Ингредиентов, которые он достал из рюкзака, хватило бы на пару научных опытов.
Мара дрожала. Страх дразнил ее, покалывал иголочками. «Он опасен, – думала она, – надо уходить, бежать сейчас, пока не поздно». Но не могла.
– Нет. А что это?
– Волшебство в бутылке.
Он расставил стаканчики и бутылки и принялся совершать колдовской ритуал, в котором задействовал ложки, кубики сахара и воду. По мере того как сахар растворялся, жидкость меняла цвет, делалась непрозрачной, молочно-зеленой. Пэкстон протянул ей стаканчик. Мара неуверенно смотрела на жидкость.
– Доверься мне.
Нет, нельзя.
И все же Мара медленно поднесла стаканчик к губам и сделала глоток.
– Ой, – удивилась она, – как черная лакрица. Сладко.
Стаканчик медленно пустел, а ночь наполнялась жизнью. Ветер сдувал волосы ей на глаза, волны разбивались о берег, ржавый металл скрипел и стонал.
Она уже почти расправилась со вторым стаканом, когда Пэкстон взял ее ладонь. Его пальцы двинулись наверх, по нежной коже запястья, к первому серебристо-белому шраму.
– Кровь такая прекрасная. Она очищает. А больно всего секунду – и это чудесная секунда. После боль уходит.
Мара затаила дыхание. Абсент умиротворял, освобождал голову от мыслей, и Мара, заблудившаяся между явью и фантазией, смотрела в золотистые глаза Пэкстона и понимала: он знает. Наконец-то ей встретился тот, кто видит ее.
– А ты когда начал?
– После того, как сестра умерла.
– Что с ней случилось? – осторожно спросила Мара.

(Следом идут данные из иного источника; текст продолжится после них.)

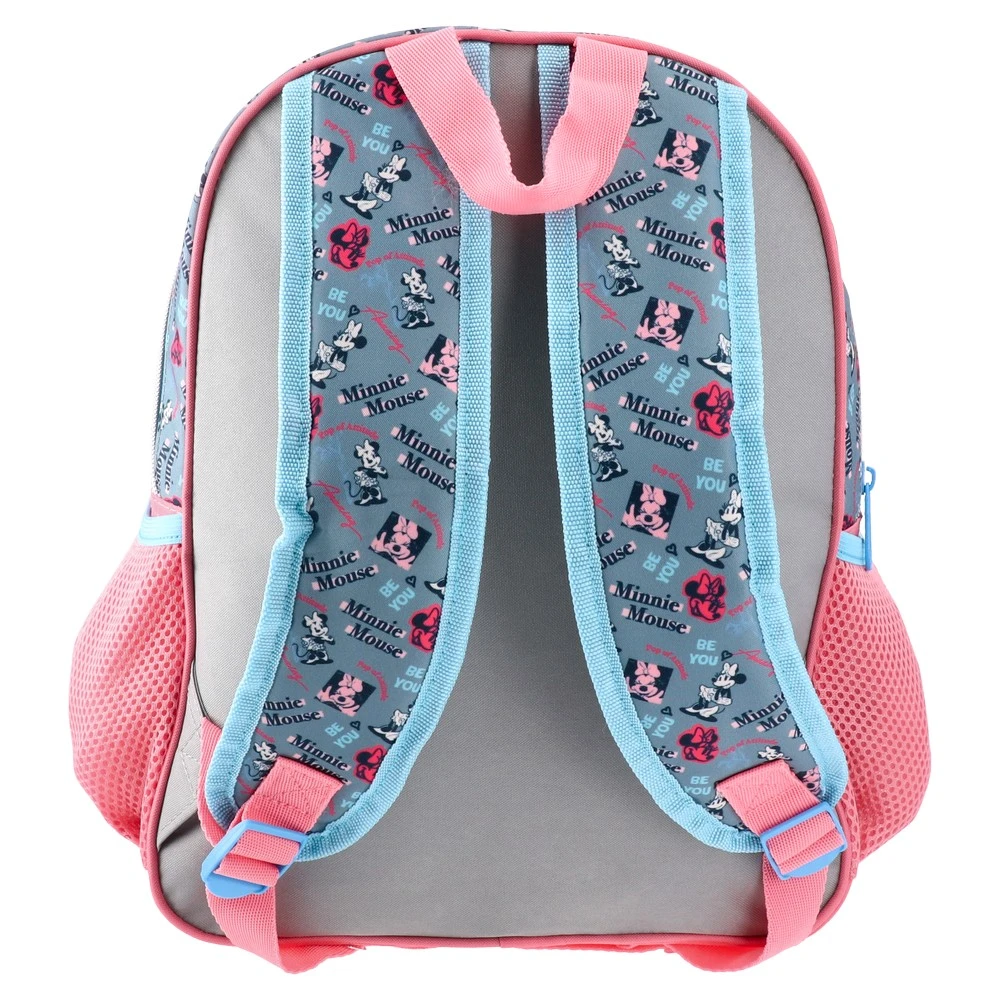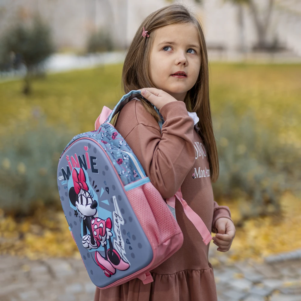 Tico preschool 3D backpack with Minnie Mouse “Fabulous” artwork. Raised character panel, grey base with pink accents and contrast piping create a trendy look. Features a zippered main compartment and two side mesh pockets. High shelf impact for character-led assortments.
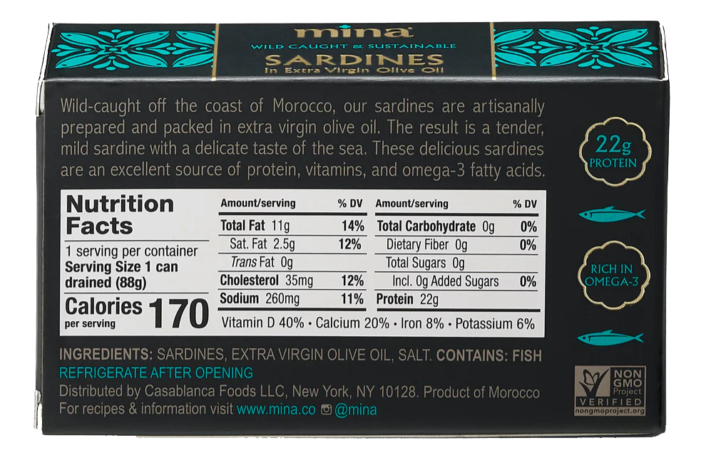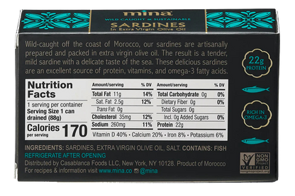 Wild-caught off the coast of Morocco where the best sardines in the world are found, ours are artisanally prepared and hand-packed fresh from the ocean with extra virgin olive oil and a touch of sea salt. The result is a tender, mild sardine with a delicate taste of the sea. These delicious sardines are an excellent source of protein, vitamins, and omega-3 fatty acids.

– Неважно, – ответил он, и его слова откликнулись в ее душе бесконечным пониманием.
У Мары тоже вечно допытывались, что случилось с ее матерью, словно есть разница, от чего она умерла – от рака, или инфаркта, или погибла в автокатастрофе.
– Она умирала, а я обнимал ее, вот что важно, а после я смотрел, как ее закапывают в землю.
Мара подалась к нему. Пэкс удивленно посмотрел на нее, словно и забыл о ее присутствии.
– «Не отпускай меня, Пэкс» – вот ее последние слова на этой земле. А я отпустил. – Он глубоко вдохнул, медленно выпустил воздух и одним глотком осушил стакан. – Она от наркоты умерла. От моей наркоты. Поэтому суд и отправил меня на групповую терапию. У меня был выбор – это или тюрьма.
– А твои родители?
– Они из-за этого развелись. Никто из них не простил меня, да и с чего бы?
– Ты по ним скучаешь?
Он пожал плечами:
– Да какая разница?
– Значит, ты не всегда таким был…
До этого Маре и в голову не приходило, что когда-то Пэкстон был обычным школьником.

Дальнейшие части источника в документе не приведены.